Заметную роль в развитии и угасании пси-науки в 1930‐е годы играли вездесущие кузены по фамилии Эйтингон. Генерал Леонид Эйтингон, высокопоставленный чиновник НКВД, был организатором многих убийств и похищений людей в Европе, а позже срежиссировал убийство самого Троцкого в Мексике. Потом этот Эйтингон имел отношение к известной лаборатории ядов в Кремле и другим внутренним делам, но пострадал от падения Берии. После многих лет лагерей он вернулся в Москву и работал скромным редактором издательства «Прогресс». Психоаналитик Макс Эйтингон, доверенное лицо Фрейда, был основателем и спонсором Берлинской психоаналитической поликлиники и президентом Международной психоаналитической ассоциации (1927–1933). Кузены были богаты благодаря Мотти Эйтингону, который владел ведущим меховым бизнесом в Соединенных Штатах, вывозившим пушнину из Советской России. В недавней книге на эту тему Мэри-Кей Уилмерс, родственница всех трех Эйтингонов, установила немало фактов об их общем участии в делах НКВД. Тем не менее она воздерживается от суждения об участии Макса Эйтингона в советской террористической деятельности в Европе[600].
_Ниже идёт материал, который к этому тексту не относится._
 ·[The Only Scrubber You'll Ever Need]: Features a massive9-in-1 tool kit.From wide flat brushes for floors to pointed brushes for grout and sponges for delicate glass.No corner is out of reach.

Шпионскими историями движет сочетание денег с верой, корысти с подлинным идеологическим интересом. Накануне прихода Гитлера к власти у влиятельного берлинского еврея было достаточно причин для сотрудничества с Советами. В середине 1930‐х из Парижа один за другим исчезали белые генералы. Последним был Николай Скоблин, ранее организовавший похищение нескольких коллег. Следствию досталась только его жена, певица Надежда Плевицкая. Та дала смутные показания на друга семьи и, скорее всего, своего любовника, Эйтингона. Тот на суд не явился: в 1933 году он эмигрировал в Палестину. Об этом деле подробно рассказал Набоков в «Помощнике режиссера»: он с основанием считал Скоблина «тройным шпионом». Плевицкая все же была осуждена за участие в похищении. По словам Троцкого, «миллионы червонцев расходуются ежегодно на то, чтобы обеспечить безнаказанность сталинской мафии во Франции»[601]. Набоков глубже объяснял «вялость» французских спецслужб: русский террор представлялся им «своего рода занятным туземным обычаем, восточным дивом, процессом распада, без которого, пожалуй, лучше бы обойтись, да поди его упреди»[602].
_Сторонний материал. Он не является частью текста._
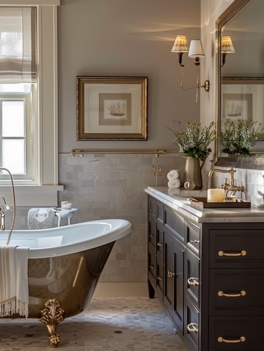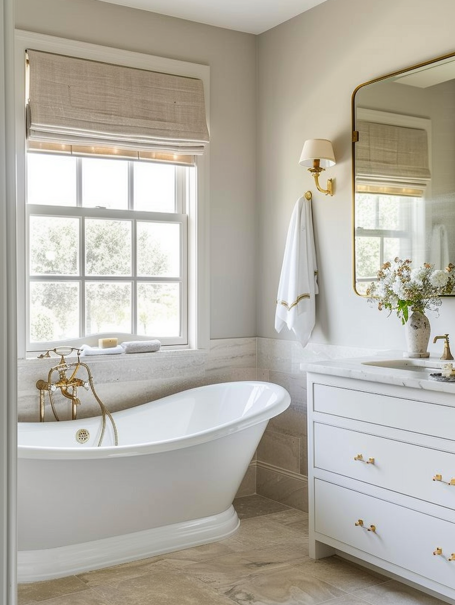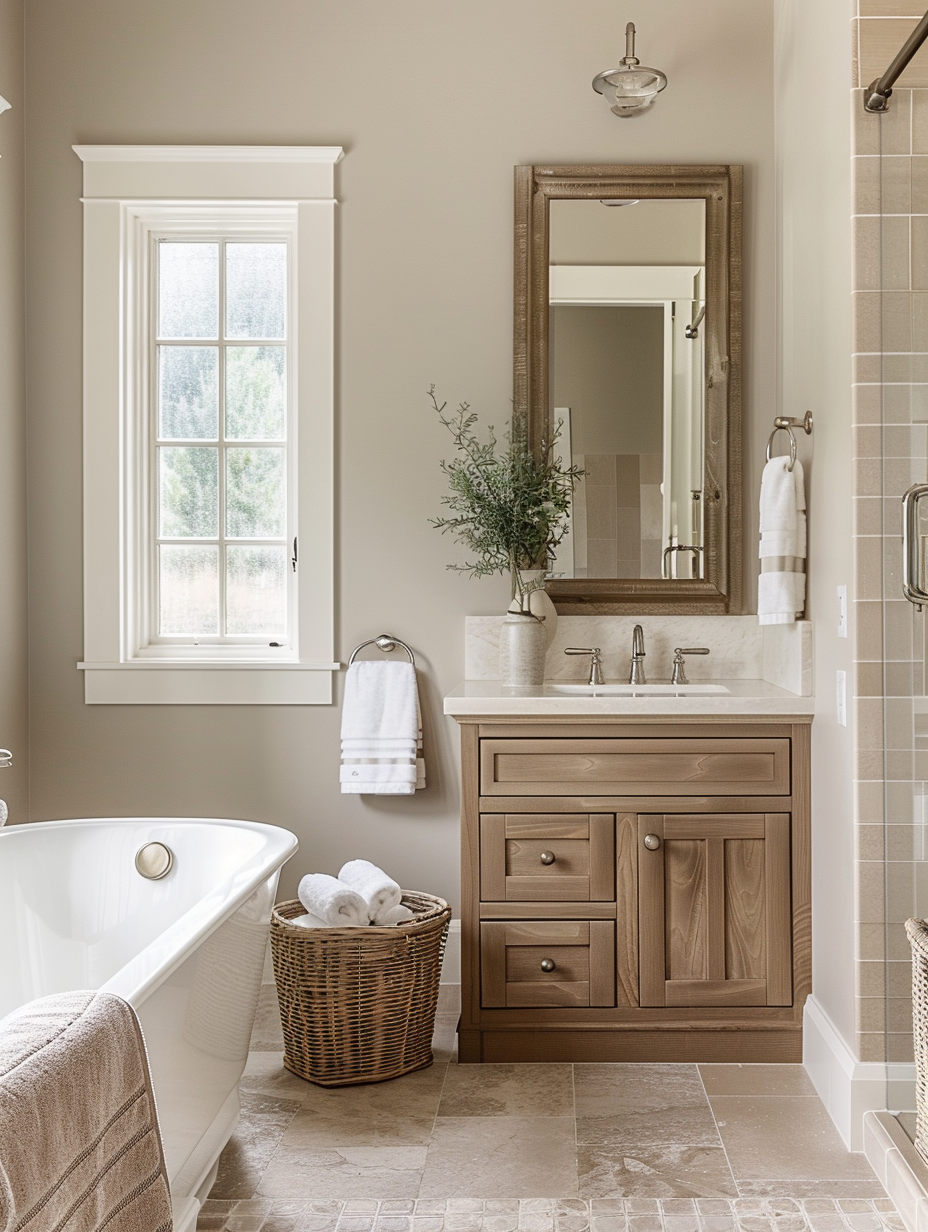Classical shades are the masterpiece of the bathroom that looks very nice and warm invitees. Warm and off-white walls, with neutral fixtures and natural materials, create a simple and stylish environment. You can add items like wooden elements, soft lights, and minimalistic designs in order to make it visually appealing. This bathroom design is perfect for homeowners who like spaces that are warm and inviting.

В 2012 году израильские историки Изабелла Гинор и Гидеон Ремез опубликовали архивные исследования, которые добавляют интересные детали к истории Макса Эйтингона и его родственников[603]. У Макса, женатого на бывшей звезде Московского художественного театра, был пасынок, которого звали Юлий Харитон. Он получил докторскую степень по физике в Кембридже в 1928 году (платил за учебу отчим-психоаналитик), а потом вернулся в Россию. Благодаря неизменной поддержке со стороны менявшегося руководства НКВД, он пережил многочисленные чистки и в 1950‐х годах стал одним из создателей советской атомной бомбы. Между тем его отчим, Макс Эйтингон, эмигрировал в Палестину. Документы показывают, что там он финансировал местную компартию, перечислял деньги певице и парижскому агенту НКВД Надежде Плевицкой и участвовал в других секретных делах. Историки Гинор и Ремез считают, что Макс и его жена Мирра сотрудничали с НКВД, чтобы обеспечить жизнь и карьеру своего сына Юлия. С более общей точки зрения, эти находки преобразуют стереотипные истории «сталинских убийц» – фанатичных, бездушных людей с портупеями – в мозаичное переплетение полов и поколений, идеологий и личных интересов. Супруги, сыновья и дочери «агентов» играли в их подпольной деятельности амбивалентные роли жертв и бенефициаров, заложников и творцов собственной судьбы.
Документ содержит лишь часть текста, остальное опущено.